Start of Records for processing
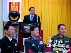 马英九25日中午与台军官兵举行联欢餐会,他称,绝不希望炎黄子孙,再引兵戎来解决问题。 图片来源:香港中评社 环球网1月25日消息,马英九25日中午在台国防部春...
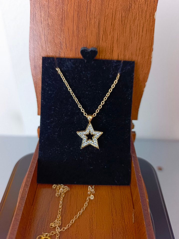 Parlak altın renkli, küçük kristallerle detaylandırılmış yıldız şeklinde kısa zincirli kolye. Bohem ve şık tarzlar için uygundur. ✨
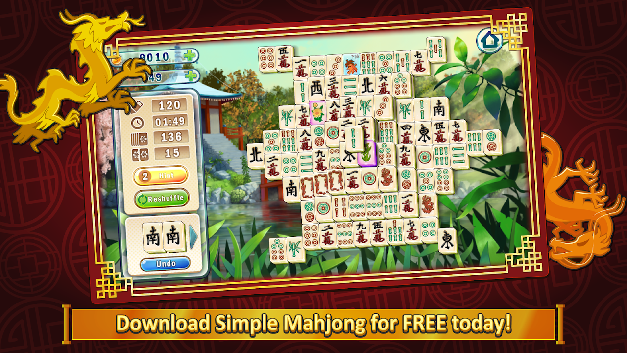 啟動簡單麻將,你會直接進入遊戲 - 沒有跡象起坐或賬戶進行。每天享受一個新的水平與日常拼圖功能。也有50+級解鎖,分解成有趣的類別所有的經驗水平。自定義不同的背景樣式和麻將牌的遊戲體驗。你將無法放下這個有趣和輕鬆的益智經典!
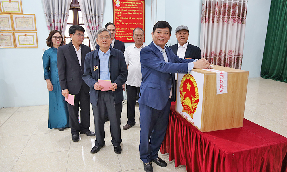 Ngay sau khi dự khai mạc và bỏ phiếu bầu cử tại đây, đồng chí Vũ Minh Hiếu đi kiểm tra công tác bầu cử tại các xã: Trung Chính, Trung Kênh, Lâm Thao.
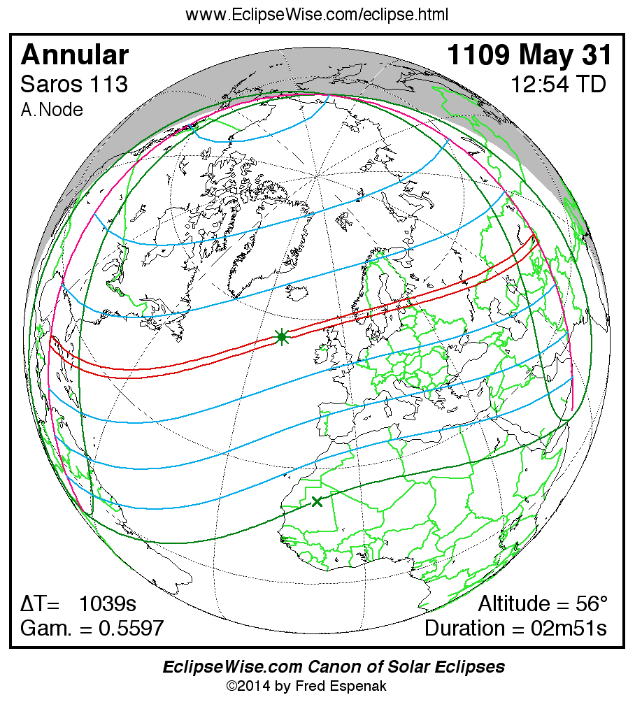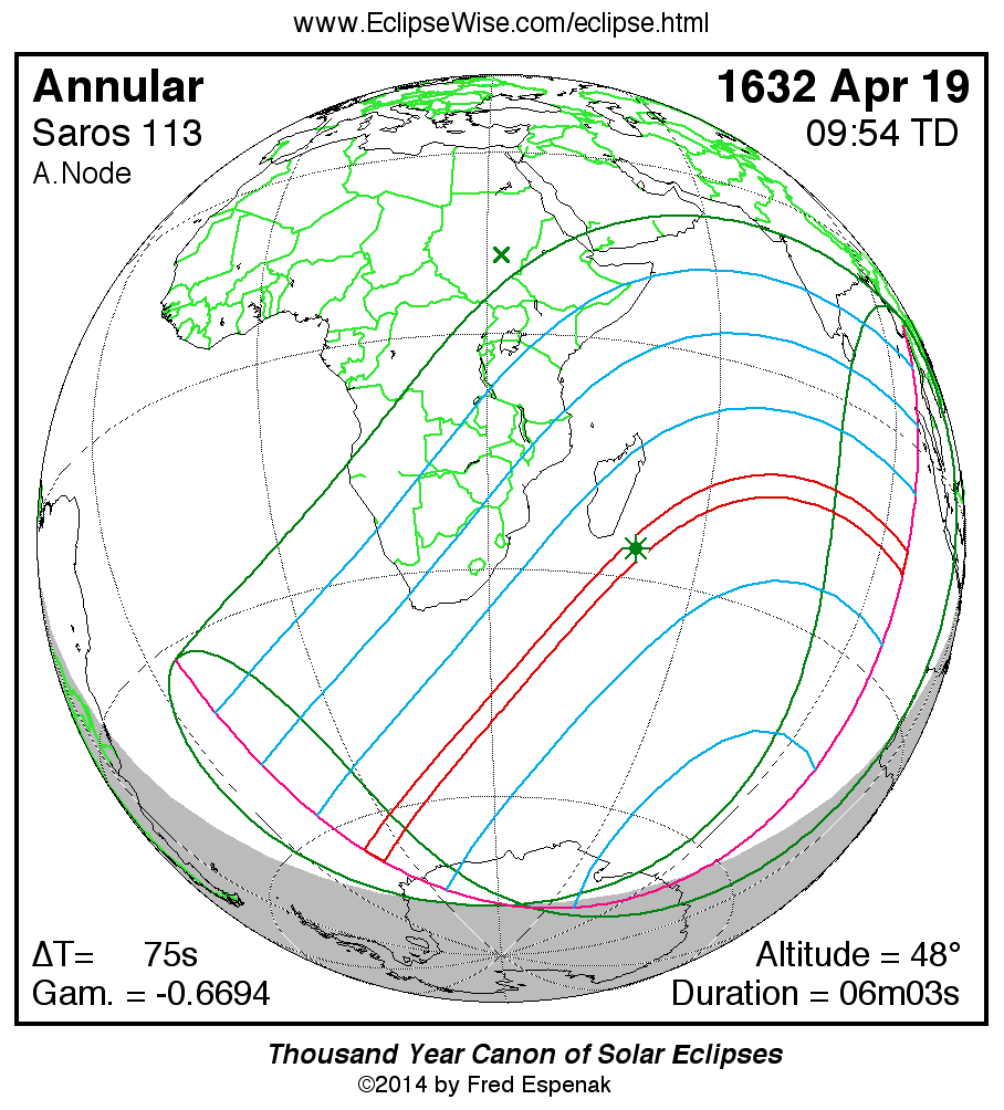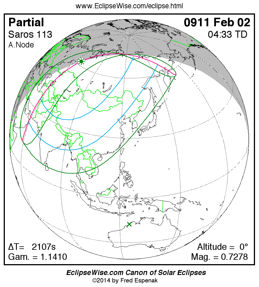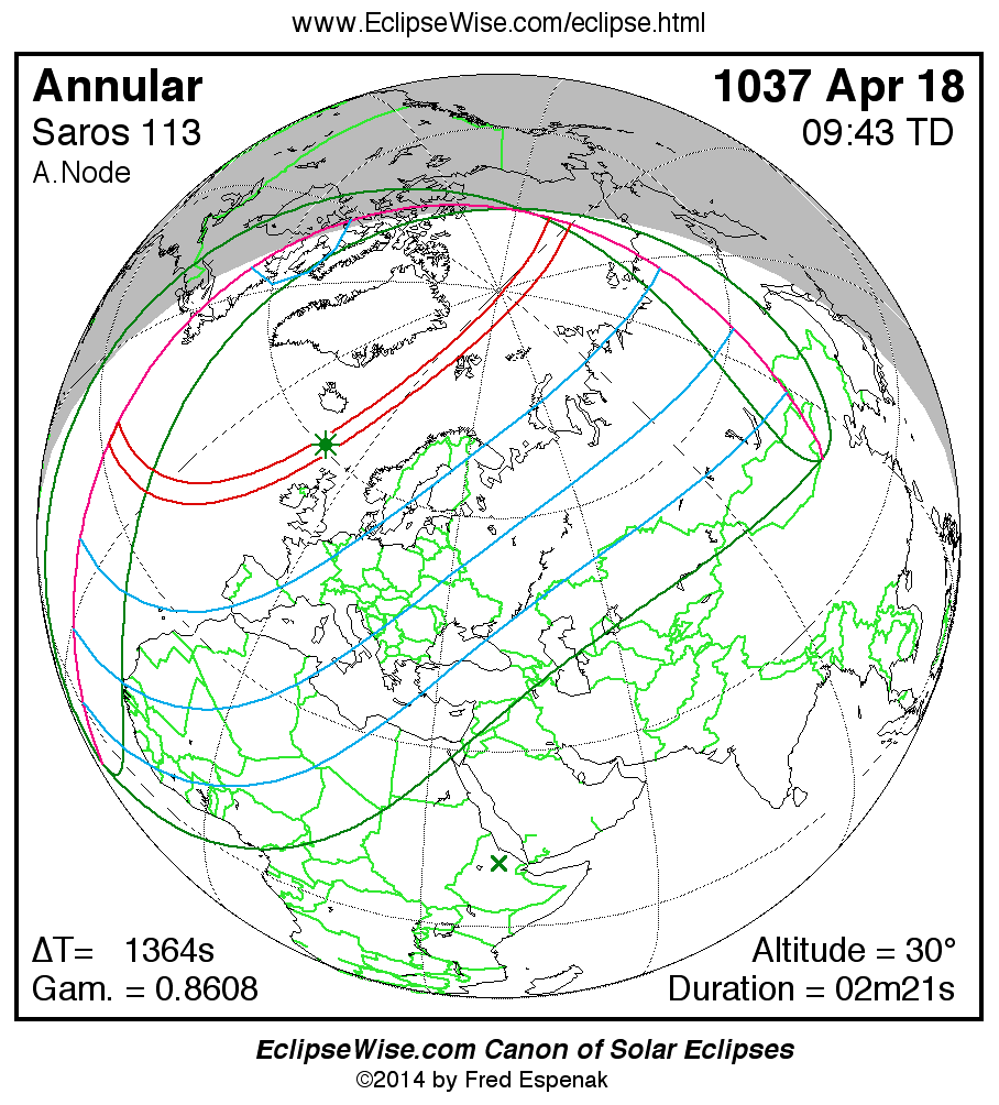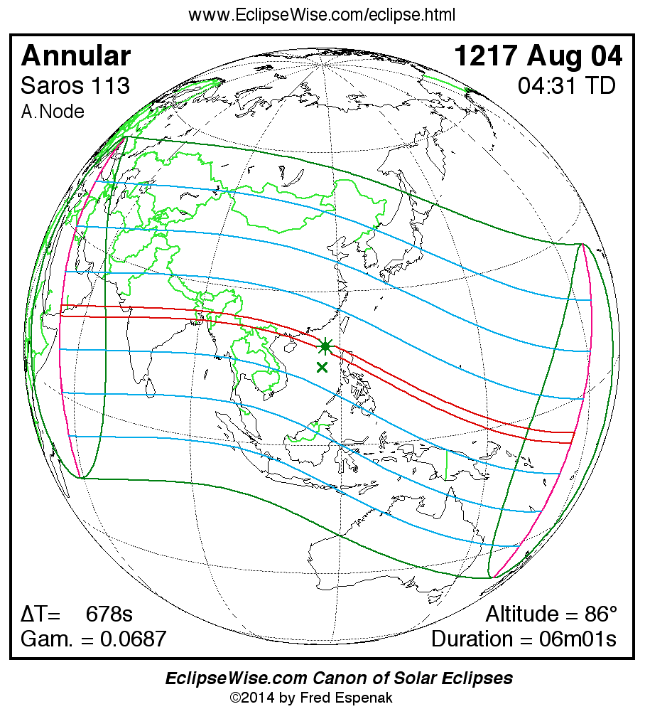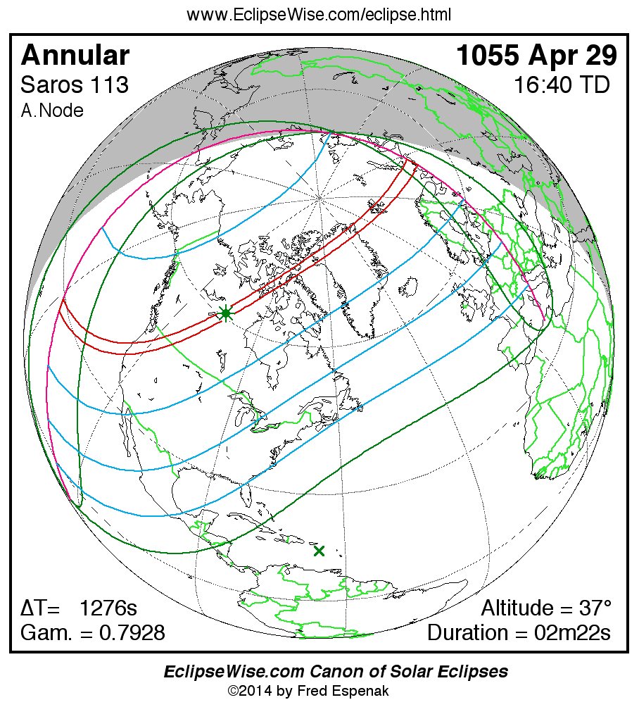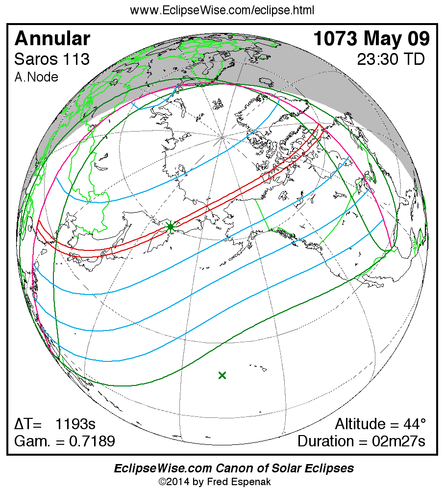 A panorama of all solar eclipses belonging to Saros 113 is presented here. Each map depicts the geographic region of visibility for a single eclipse. For central eclipses, the total or annular path is plotted in either blue (total) or red (annular). The date and time is given for the instant of Greatest Eclipse. Every map serves as a hyperlink to the EclipseWise Prime page for that eclipse where a larger map and complete details for the eclipse can be found. Visit the Key to Solar Eclipse Maps for a detailed explanation of these maps. Near the bottom of the page are a series of hyperlinks for more on solar eclipses.
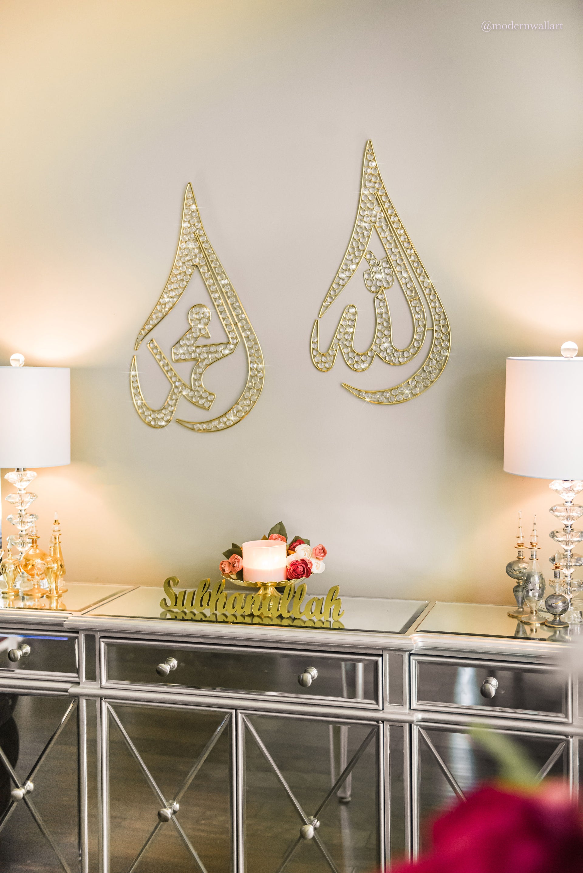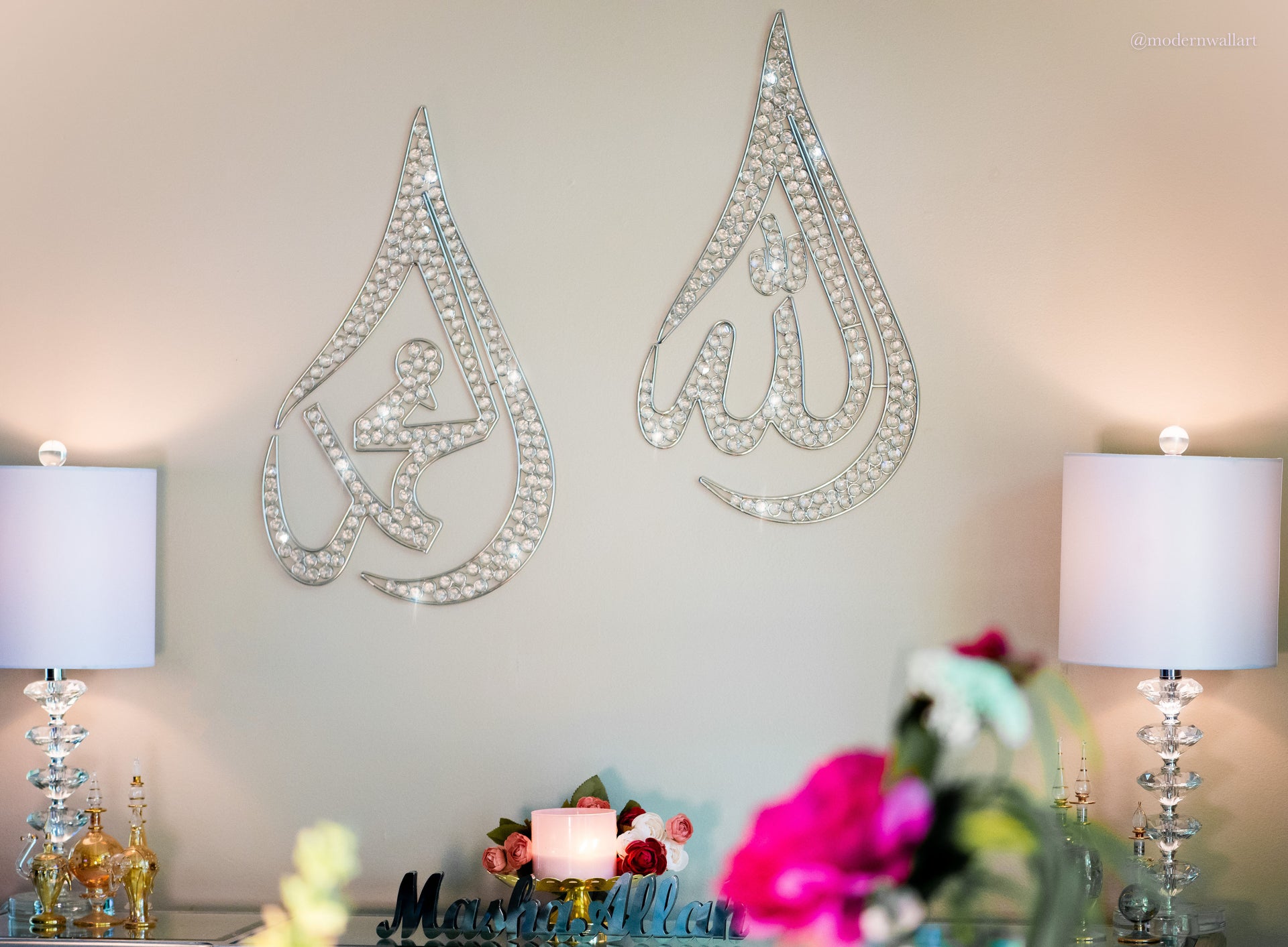 Tear Drop Metal Wire with Rhinestones- Allah or Mohammed
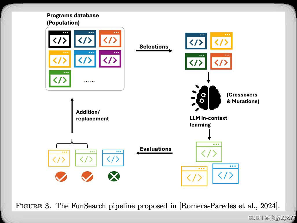 FunSearch 由 Romera-Paredes 等人提出(2024),其核心思想是让 LLM 生成程序,然后让外部系统验证这些程序的有效性与优劣,再选出好的样本继续引导生成。
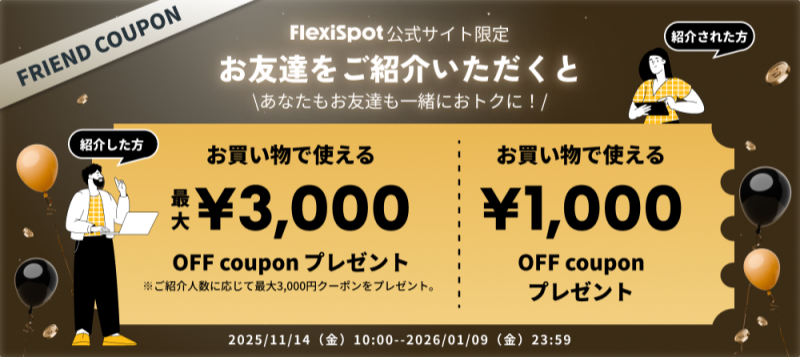 FlexiSpotの公式サイト会員になっていない友達に紹介コードを送ると、紹介した人もされた人も割引クーポンをゲットできます。紹介した方は最大3,000円分のクーポンを受け取れます。ぜひお友達に紹介コードをお送りください!詳細については、このページをご覧下さい。
End of Records for processing
■ Your assignment: Exactly as written, please copy out the whole set of records, skipping images.

■ Written solution:
 马英九25日中午与台军官兵举行联欢餐会,他称,绝不希望炎黄子孙,再引兵戎来解决问题。 图片来源:香港中评社 环球网1月25日消息,马英九25日中午在台国防部春...
 Parlak altın renkli, küçük kristallerle detaylandırılmış yıldız şeklinde kısa zincirli kolye. Bohem ve şık tarzlar için uygundur. ✨
 啟動簡單麻將,你會直接進入遊戲 - 沒有跡象起坐或賬戶進行。每天享受一個新的水平與日常拼圖功能。也有50+級解鎖,分解成有趣的類別所有的經驗水平。自定義不同的背景樣式和麻將牌的遊戲體驗。你將無法放下這個有趣和輕鬆的益智經典!
 Ngay sau khi dự khai mạc và bỏ phiếu bầu cử tại đây, đồng chí Vũ Minh Hiếu đi kiểm tra công tác bầu cử tại các xã: Trung Chính, Trung Kênh, Lâm Thao.
 A panorama of all solar eclipses belonging to Saros 113 is presented here. Each map depicts the geographic region of visibility for a single eclipse. For central eclipses, the total or annular path is plotted in either blue (total) or red (annular). The date and time is given for the instant of Greatest Eclipse. Every map serves as a hyperlink to the EclipseWise Prime page for that eclipse where a larger map and complete details for the eclipse can be found. Visit the Key to Solar Eclipse Maps for a detailed explanation of these maps. Near the bottom of the page are a series of hyperlinks for more on solar eclipses.
 Tear Drop Metal Wire with Rhinestones- Allah or Mohammed
 FunSearch 由 Romera-Paredes 等人提出(2024),其核心思想是让 LLM 生成程序,然后让外部系统验证这些程序的有效性与优劣,再选出好的样本继续引导生成。
 FlexiSpotの公式サイト会員になっていない友達に紹介コードを送ると、紹介した人もされた人も割引クーポンをゲットできます。紹介した方は最大3,000円分のクーポンを受け取れます。ぜひお友達に紹介コードをお送りください!詳細については、このページをご覧下さい。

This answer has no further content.